• _What to work on_
Your answer must be the lines from the first record through the line that contains "11月15日,教务处、安全稳", copied exactly and without any pictures.

• _Records provided_
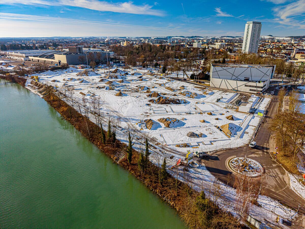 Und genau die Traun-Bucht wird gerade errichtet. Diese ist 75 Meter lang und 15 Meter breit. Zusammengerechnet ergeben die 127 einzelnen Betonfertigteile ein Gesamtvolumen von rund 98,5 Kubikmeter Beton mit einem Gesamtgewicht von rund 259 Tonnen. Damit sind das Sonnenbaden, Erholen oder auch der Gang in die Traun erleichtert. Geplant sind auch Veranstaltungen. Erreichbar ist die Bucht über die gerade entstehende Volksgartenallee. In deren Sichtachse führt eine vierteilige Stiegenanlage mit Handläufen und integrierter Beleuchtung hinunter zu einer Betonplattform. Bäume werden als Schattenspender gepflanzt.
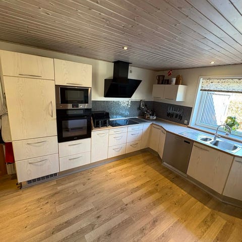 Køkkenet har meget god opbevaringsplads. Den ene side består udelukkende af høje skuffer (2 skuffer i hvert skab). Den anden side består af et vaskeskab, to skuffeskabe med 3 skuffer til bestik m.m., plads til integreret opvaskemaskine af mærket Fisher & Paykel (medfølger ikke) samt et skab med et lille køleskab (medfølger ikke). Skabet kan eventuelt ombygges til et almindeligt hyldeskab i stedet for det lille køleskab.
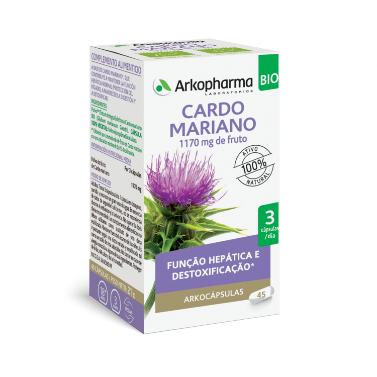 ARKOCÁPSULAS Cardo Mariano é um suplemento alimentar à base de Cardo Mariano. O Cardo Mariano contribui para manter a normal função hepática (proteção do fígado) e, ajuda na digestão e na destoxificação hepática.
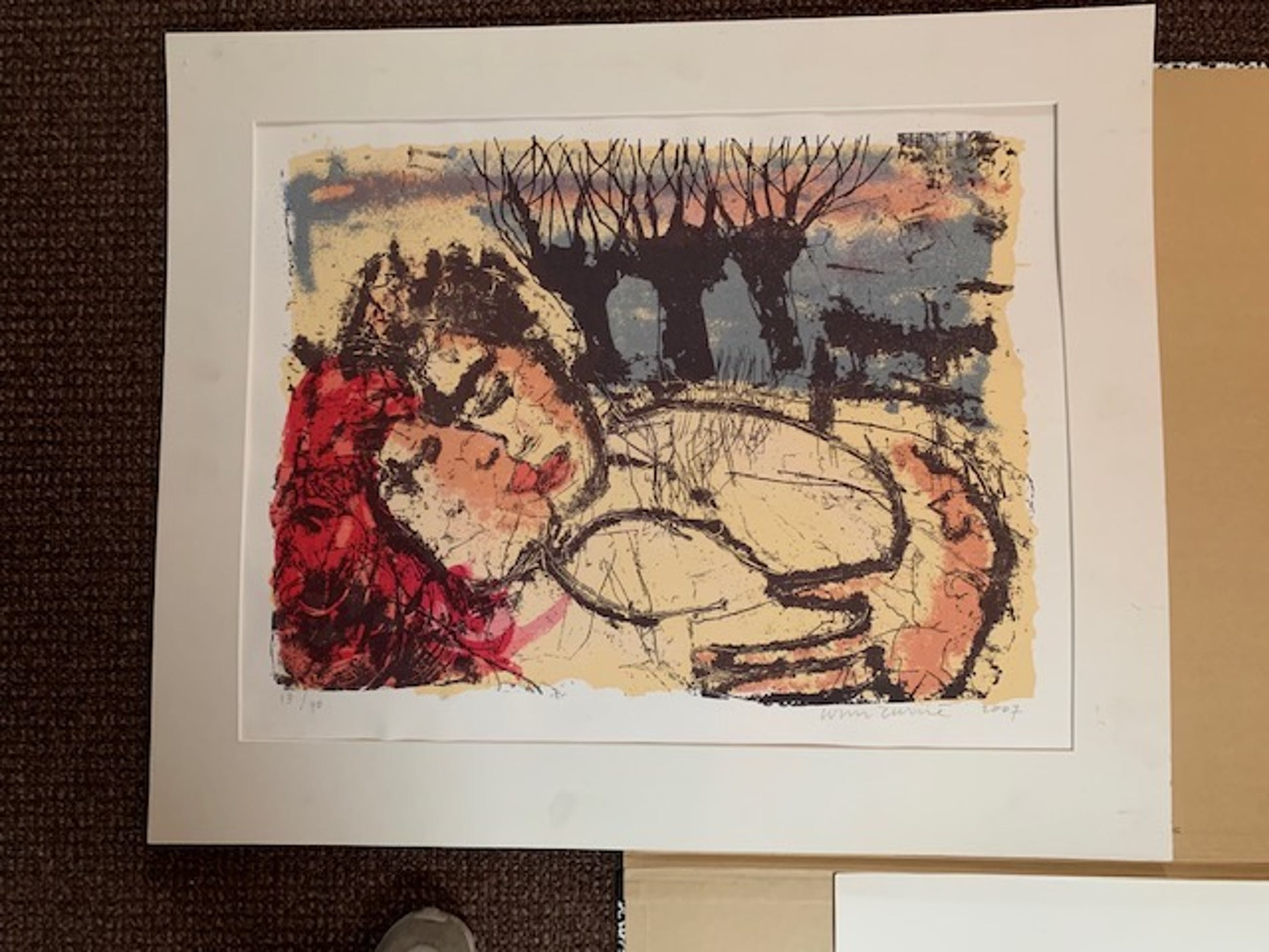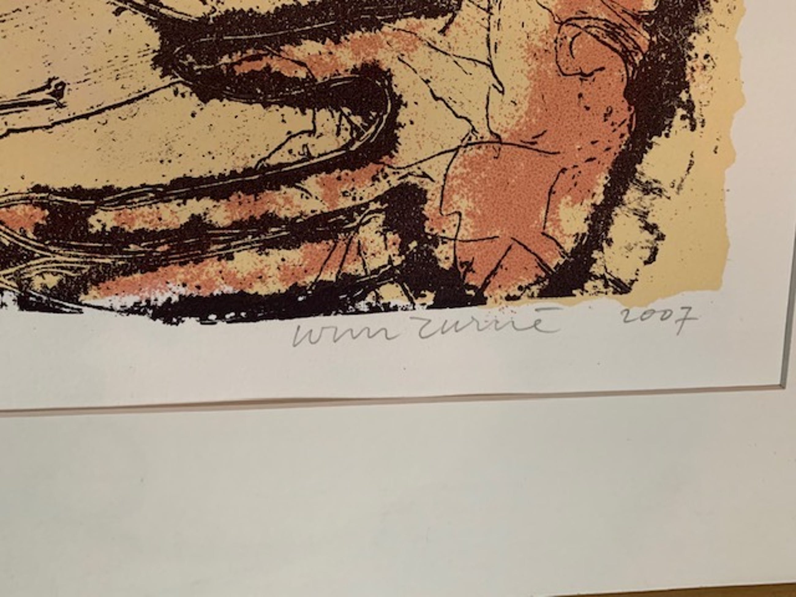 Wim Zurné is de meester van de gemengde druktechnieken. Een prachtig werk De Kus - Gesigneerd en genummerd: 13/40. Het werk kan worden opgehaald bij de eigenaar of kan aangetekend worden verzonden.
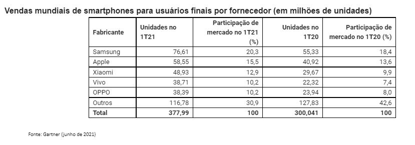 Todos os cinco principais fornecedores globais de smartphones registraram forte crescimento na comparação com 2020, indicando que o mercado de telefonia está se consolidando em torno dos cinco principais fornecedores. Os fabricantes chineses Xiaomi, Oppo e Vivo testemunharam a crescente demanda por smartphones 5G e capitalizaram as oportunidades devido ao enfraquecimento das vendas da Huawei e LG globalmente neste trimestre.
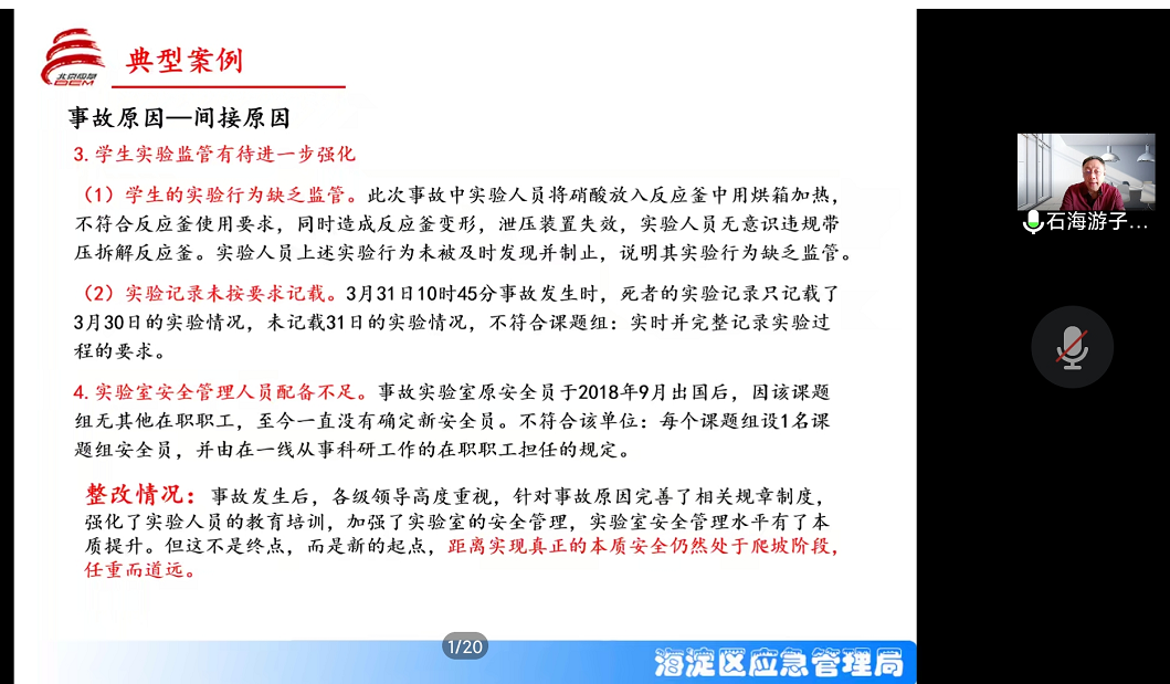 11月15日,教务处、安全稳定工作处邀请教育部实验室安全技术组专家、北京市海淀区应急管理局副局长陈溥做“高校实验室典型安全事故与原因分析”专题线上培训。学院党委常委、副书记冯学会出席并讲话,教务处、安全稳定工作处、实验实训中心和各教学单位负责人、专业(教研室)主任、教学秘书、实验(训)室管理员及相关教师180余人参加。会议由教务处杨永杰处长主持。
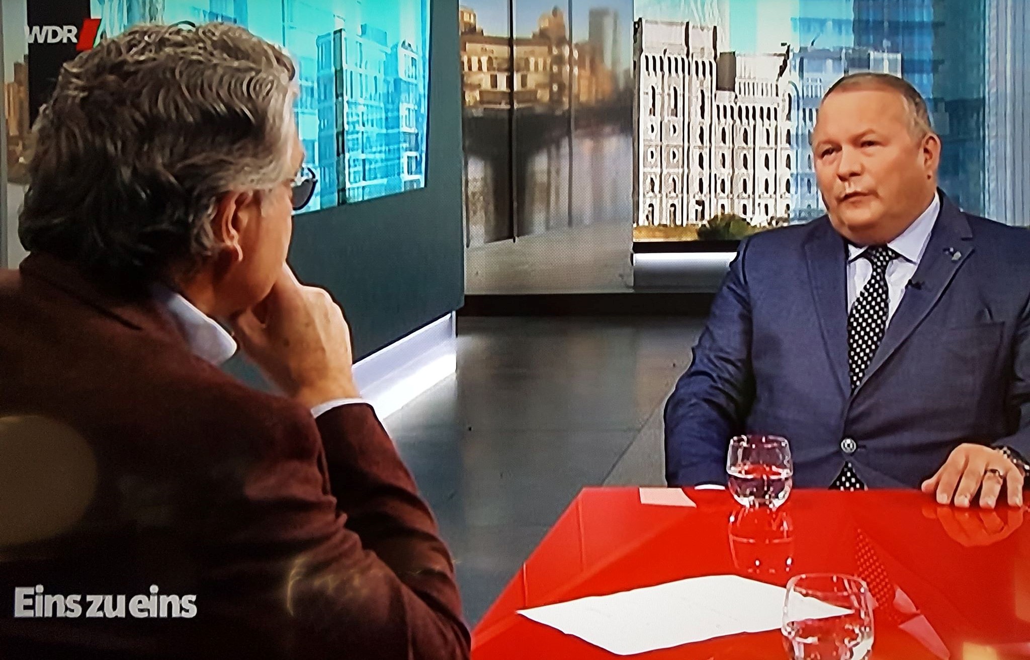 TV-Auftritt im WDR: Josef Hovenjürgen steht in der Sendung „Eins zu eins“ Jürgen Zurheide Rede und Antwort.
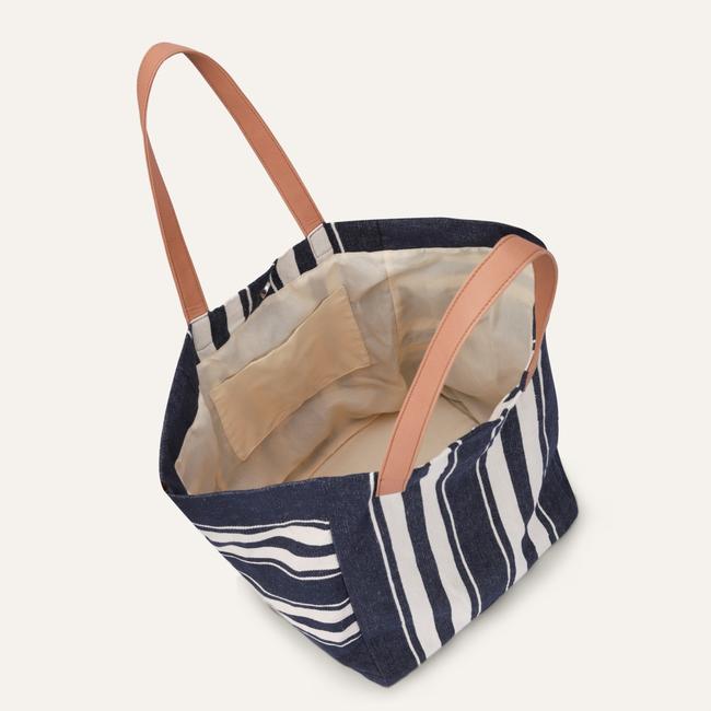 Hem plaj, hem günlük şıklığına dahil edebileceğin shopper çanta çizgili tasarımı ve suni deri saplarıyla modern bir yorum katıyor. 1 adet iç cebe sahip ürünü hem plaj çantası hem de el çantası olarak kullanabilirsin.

• _Written reply_
 Und genau die Traun-Bucht wird gerade errichtet. Diese ist 75 Meter lang und 15 Meter breit. Zusammengerechnet ergeben die 127 einzelnen Betonfertigteile ein Gesamtvolumen von rund 98,5 Kubikmeter Beton mit einem Gesamtgewicht von rund 259 Tonnen. Damit sind das Sonnenbaden, Erholen oder auch der Gang in die Traun erleichtert. Geplant sind auch Veranstaltungen. Erreichbar ist die Bucht über die gerade entstehende Volksgartenallee. In deren Sichtachse führt eine vierteilige Stiegenanlage mit Handläufen und integrierter Beleuchtung hinunter zu einer Betonplattform. Bäume werden als Schattenspender gepflanzt.
 Køkkenet har meget god opbevaringsplads. Den ene side består udelukkende af høje skuffer (2 skuffer i hvert skab). Den anden side består af et vaskeskab, to skuffeskabe med 3 skuffer til bestik m.m., plads til integreret opvaskemaskine af mærket Fisher & Paykel (medfølger ikke) samt et skab med et lille køleskab (medfølger ikke). Skabet kan eventuelt ombygges til et almindeligt hyldeskab i stedet for det lille køleskab.
 ARKOCÁPSULAS Cardo Mariano é um suplemento alimentar à base de Cardo Mariano. O Cardo Mariano contribui para manter a normal função hepática (proteção do fígado) e, ajuda na digestão e na destoxificação hepática.
 Wim Zurné is de meester van de gemengde druktechnieken. Een prachtig werk De Kus - Gesigneerd en genummerd: 13/40. Het werk kan worden opgehaald bij de eigenaar of kan aangetekend worden verzonden.
 Todos os cinco principais fornecedores globais de smartphones registraram forte crescimento na comparação com 2020, indicando que o mercado de telefonia está se consolidando em torno dos cinco principais fornecedores. Os fabricantes chineses Xiaomi, Oppo e Vivo testemunharam a crescente demanda por smartphones 5G e capitalizaram as oportunidades devido ao enfraquecimento das vendas da Huawei e LG globalmente neste trimestre.
 11月15日,教务处、安全稳定工作处邀请教育部实验室安全技术组专家、北京市海淀区应急管理局副局长陈溥做“高校实验室典型安全事故与原因分析”专题线上培训。学院党委常委、副书记冯学会出席并讲话,教务处、安全稳定工作处、实验实训中心和各教学单位负责人、专业(教研室)主任、教学秘书、实验(训)室管理员及相关教师180余人参加。会议由教务处杨永杰处长主持。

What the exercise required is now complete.